A single SMS has space for 140 bytes, so you need multiples. When you start needing multiples, then some bytes are wasted to mark the sequences, so now you only got 134 bytes per message.

134 + 134 + 42 = 310

Thus you need three messages and you have 134-42 = 92 bytes left before needing another one.

Your phone is an optimist, as is pretty much any other phone, and assumes you are going to be writing BMP characters rather than some more SMP emoji. The 155/201 counter it displays is exactly that, 201-155 = 46. Times two for any BMP character, 92.

First example: fits into the 7-bit SMS character set and you only needed one message, so you could fit 160 characters into the 140 bytes

Second example: emojis switch to UTF-16 mode, 30 of them takes 4 bytes each, 140 - 120 = you got 20 bytes left and still only using one message, so the readout says you could type 10 more BMP characters (60/70).

All three works as expected.

Michael S. Kaplan on 1 Apr 2013 6:07 PM:

When it decides to split them, it should re-assess the size of them post-split. Not doing that is a bug, IMHO.

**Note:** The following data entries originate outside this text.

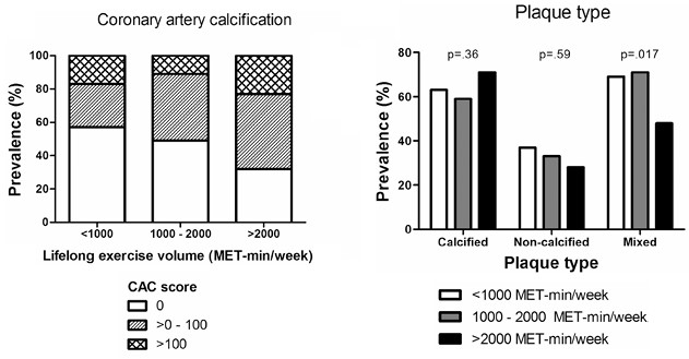 - Those in the highest exercise volume group who had plaques, were more likely to have predominantly calcified plaques (those with lower exercise volume were more likely to have mixed or non-calcified plaques).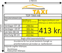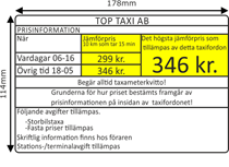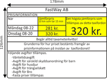 Designa din egna prislista i vår designer nedan. Vi tar ingen startavgift och det kostar inget extra för att ha med din logga på dekalerna. Priset är för en komplett sats till en bil. Du väljer om det ska vara 5 eller 7 dekaler i satsen. Dekalerna är 216mm breda som standard. Textstorlek är enligt transportstyrelsens krav. För att läsa mer om krav och regler - klicka Transportstyrelsens info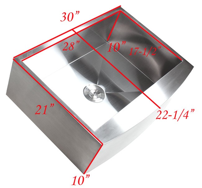 | Dimensions | 30" x 21" (Overall Exterior) 28" x 17-1/2" (Interior) 10" (Bowl Depth) 10" (Apron Depth) |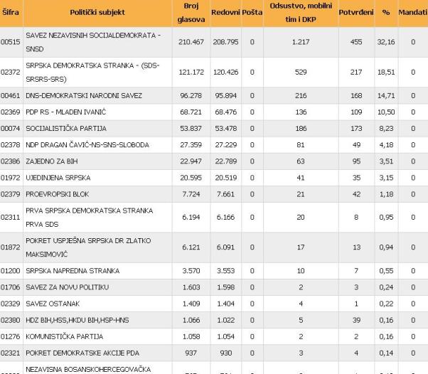 SDS je osvojio 121.172 glasova ili 18,51 odsto, DNS 96.278 ili 14,71 odsto, PDP 68.721 ili 10,50 odsto, SP 53.837 ili 8,23 odsto, NDP 27.359 ili 4,18 odsto, Zajedno za BiH 22.947 ili 3,51 odsto i Ujedinjena Srpska 20.595 ili 3,15 odsto.

Kalle Olavi Niemitalo on 1 Apr 2013 9:44 PM:

Do you mean the phone should split your last text into two messages: 7-bit for the first 151 characters and UTF-16 for the two emoticons?  This is not recommended by ETSI TS 123 040 V11.4.0 (2013-01) section 9.2.3.24.1 (Concatenated Short Messages): "The TP elements in the SMS-SUBMIT PDU, apart from TP-MR, TP-SRR, TP-UDL and TP-UD, should remain unchanged for each SM which forms part of a concatenated SM, otherwise this may lead to irrational behaviour."  The character-set bits are in the TP-Data-Coding-Scheme field, which is not listed here.

Michael S. Kaplan on 2 Apr 2013 7:36 AM:

Terrible recommendation, by people who clearly either weren't sending other language text or weren't being charged per text message...

Doug Ewell on 2 Apr 2013 8:23 AM:

Back in 1995, before most folks outside the industry had heard of SMS, Tim Garton from Motorola asked for a way to encode Unicode such that the best-case scenario would be 7 bits per character:

www.unicode.org/.../0240.html

The response was to try RCSU, which is 8 bits in the best case, but still better than the adopted approach, which treats Unicode as an emergency exit. Naturally, SCSU is better still, but we're not supposed to say that.

Doug Ewell on 9 Apr 2013 9:24 AM:

> In any case, I have new respect for the language based pain some languages have based on their arbitrary place in Unicode, something I've both spoken and written about before....

You don't really want me to write my long-postponed response to "It is easy (and obnoxious)...", do you?